# [Stored data]
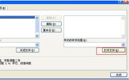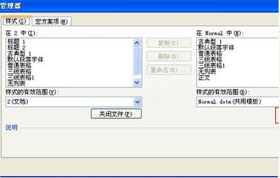 7.回到“管理器”对话框中,在“在1中”的列表框中选择需要复制的文本格式,单击“复制”按钮即可将所选格式复制到文档“2.docx"中。最后单击“关闭”按钮即可。
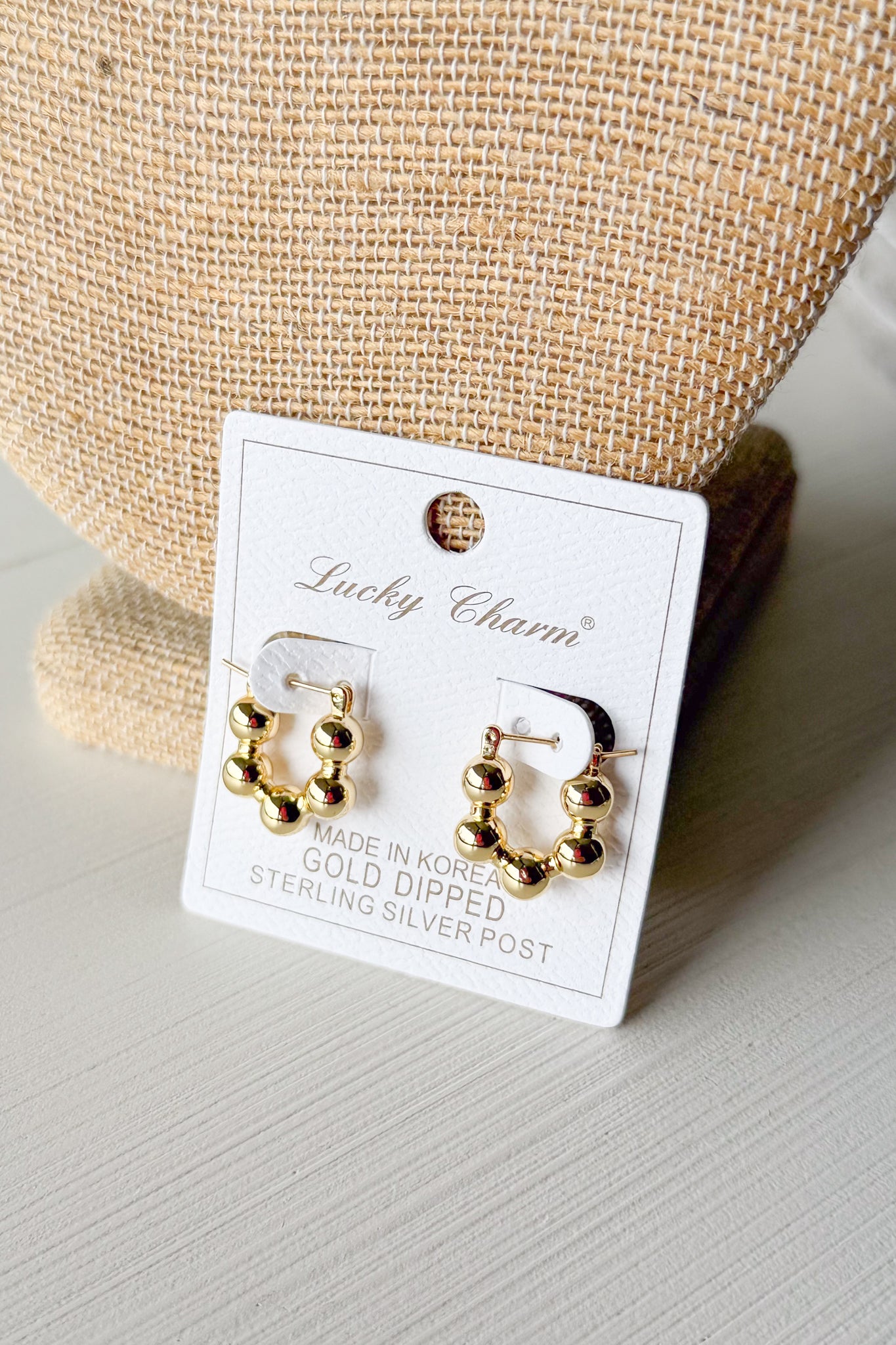 Sleek with a playful edge. These gold hoop earrings feature smooth ball detailing for a polished, modern look that adds subtle dimension without feeling overdone. Easy to style and perfect for everyday wear or dressing up your basics.
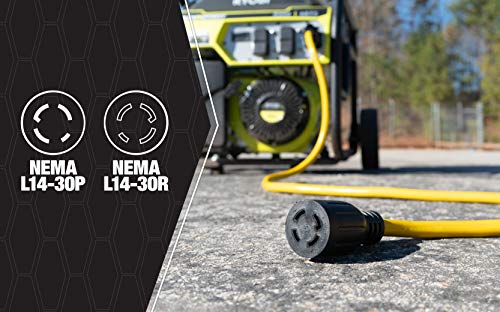 Details: Check out Southwire's 50-foot 10/4 SJTW generator cord. This cord is yellow with a black L14-30 plug and receptacle, which avoids cords from coming undone. Limited lifetime .

# [How to complete this task]
Leave the images out and transcribe the remaining data above word for word.

# [Output for this task]
 7.回到“管理器”对话框中,在“在1中”的列表框中选择需要复制的文本格式,单击“复制”按钮即可将所选格式复制到文档“2.docx"中。最后单击“关闭”按钮即可。
 Sleek with a playful edge. These gold hoop earrings feature smooth ball detailing for a polished, modern look that adds subtle dimension without feeling overdone. Easy to style and perfect for everyday wear or dressing up your basics.
 Details: Check out Southwire's 50-foot 10/4 SJTW generator cord. This cord is yellow with a black L14-30 plug and receptacle, which avoids cords from coming undone. Limited lifetime .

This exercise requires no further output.